* _Directions for this task_
Every record must be copied exactly, except that pictures are dropped.

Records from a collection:
((

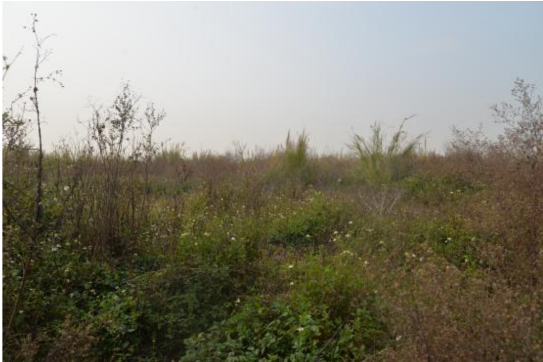
图 17 地块地表现状（北—南）
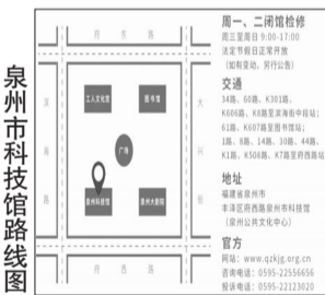
泉州市科技馆路线图

据考古发现,贺兰山岩画距今已有3000年~10000年的历史。在宁夏,近6000幅神秘诡异的岩画,被刻印在贺兰山贺兰口峡谷两侧延绵800多米的山岩崖壁上,它生动记录了远古游牧民族放牧、祭祀、狩猎、征战、生产、生活等各种场景,是研究人类文化史、宗教史、原始艺术史的文化宝库。
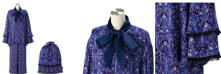
【商品名】 ルームウェア ネイビー 【サイズ】 トップス：着丈 70 cm 身幅 56 cm / パンツ：丈 90 cm ウエスト 64 cm 【価格】 ￥10,000

ANNA SUI のプリントが全面に施されたルームウェアです。ペロアのボウタイやレースが施されたベルスリーブなど細部までこだわったおうち時間も楽しんでいただける一着です。同柄の巾着バッグ付き。
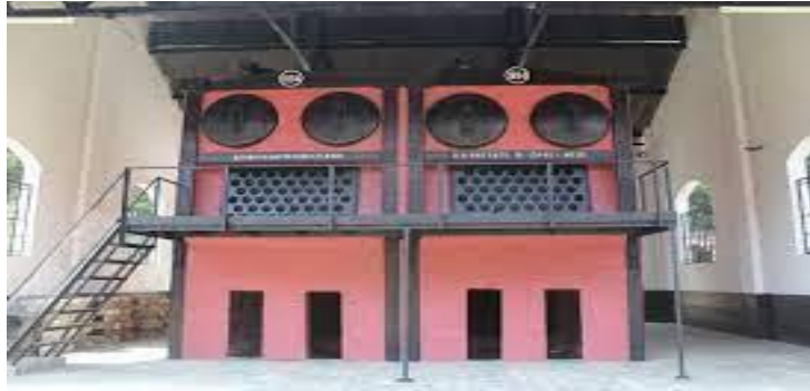
Gambar 3. Tungku Pembakaran Museum Goedang Ransoem Sawahlunto

Tungku pembakaran (steam generator) sebagai sumber energi uap panas untuk memasak. Uap panas disalurkan pipa-pipa melewati ruang bawah tanah. Tungku pembakaran ini buatan Jerman bertahun 1894

))

* _Completed exercise_
图 17 地块地表现状（北—南）
泉州市科技馆路线图

据考古发现,贺兰山岩画距今已有3000年~10000年的历史。在宁夏,近6000幅神秘诡异的岩画,被刻印在贺兰山贺兰口峡谷两侧延绵800多米的山岩崖壁上,它生动记录了远古游牧民族放牧、祭祀、狩猎、征战、生产、生活等各种场景,是研究人类文化史、宗教史、原始艺术史的文化宝库。
【商品名】 ルームウェア ネイビー 【サイズ】 トップス：着丈 70 cm 身幅 56 cm / パンツ：丈 90 cm ウエスト 64 cm 【価格】 ￥10,000

ANNA SUI のプリントが全面に施されたルームウェアです。ペロアのボウタイやレースが施されたベルスリーブなど細部までこだわったおうち時間も楽しんでいただける一着です。同柄の巾着バッグ付き。
Gambar 3. Tungku Pembakaran Museum Goedang Ransoem Sawahlunto

Tungku pembakaran (steam generator) sebagai sumber energi uap panas untuk memasak. Uap panas disalurkan pipa-pipa melewati ruang bawah tanah. Tungku pembakaran ini buatan Jerman bertahun 1894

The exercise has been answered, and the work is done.